* **Problem details**: In the records below, find the line holding "Φωτο 5 Οστ Γ/3-4" and the line holding "శబరిమల శబరిమల అయ్యప్ప". Set down both, with every line between them, exactly.

* **Extracted material**:
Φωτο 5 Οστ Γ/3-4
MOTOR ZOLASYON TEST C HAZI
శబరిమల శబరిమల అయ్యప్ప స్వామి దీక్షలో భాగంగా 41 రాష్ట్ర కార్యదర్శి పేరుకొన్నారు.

...

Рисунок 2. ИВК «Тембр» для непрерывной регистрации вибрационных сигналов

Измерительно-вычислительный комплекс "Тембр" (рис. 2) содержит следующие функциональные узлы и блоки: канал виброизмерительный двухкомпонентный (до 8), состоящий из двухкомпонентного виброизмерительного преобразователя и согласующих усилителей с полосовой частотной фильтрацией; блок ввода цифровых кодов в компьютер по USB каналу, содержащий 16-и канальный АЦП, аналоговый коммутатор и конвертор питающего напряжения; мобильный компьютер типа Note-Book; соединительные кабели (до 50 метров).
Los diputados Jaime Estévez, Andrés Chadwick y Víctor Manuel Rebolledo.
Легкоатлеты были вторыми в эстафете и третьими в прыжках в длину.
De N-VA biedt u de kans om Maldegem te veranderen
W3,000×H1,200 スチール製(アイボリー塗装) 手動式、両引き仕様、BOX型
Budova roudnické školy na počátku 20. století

--

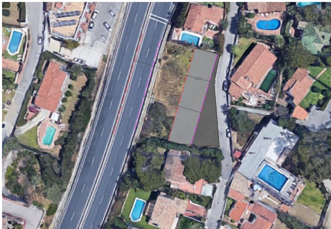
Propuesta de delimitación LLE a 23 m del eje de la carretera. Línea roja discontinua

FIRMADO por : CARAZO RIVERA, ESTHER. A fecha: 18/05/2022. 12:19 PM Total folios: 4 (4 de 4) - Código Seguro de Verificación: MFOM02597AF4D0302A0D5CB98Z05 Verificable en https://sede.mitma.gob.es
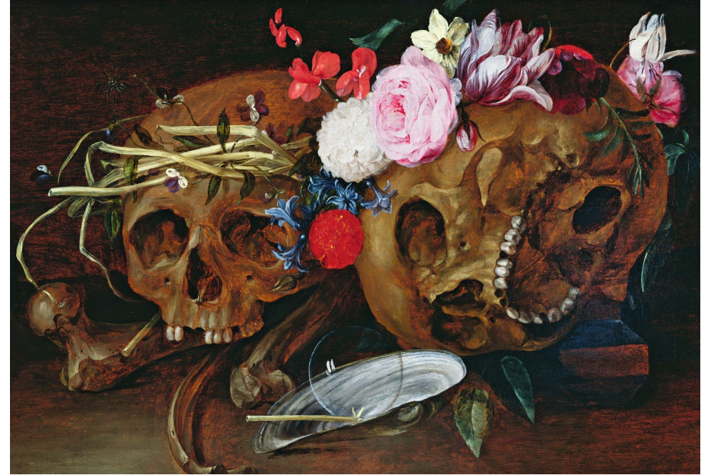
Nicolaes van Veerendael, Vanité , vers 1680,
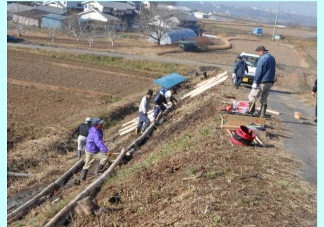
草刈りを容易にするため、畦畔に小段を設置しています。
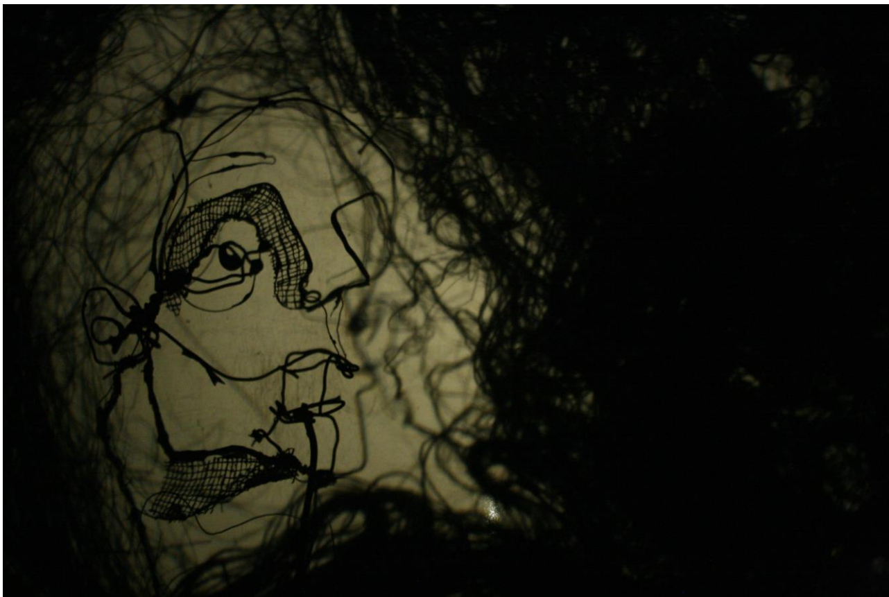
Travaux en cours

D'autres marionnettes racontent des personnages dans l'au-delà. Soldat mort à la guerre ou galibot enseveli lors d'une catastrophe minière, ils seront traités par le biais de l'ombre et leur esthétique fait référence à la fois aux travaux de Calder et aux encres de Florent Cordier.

* **Output of the task**:
Φωτο 5 Οστ Γ/3-4
MOTOR ZOLASYON TEST C HAZI
శబరిమల శబరిమల అయ్యప్ప స్వామి దీక్షలో భాగంగా 41 రాష్ట్ర కార్యదర్శి పేరుకొన్నారు.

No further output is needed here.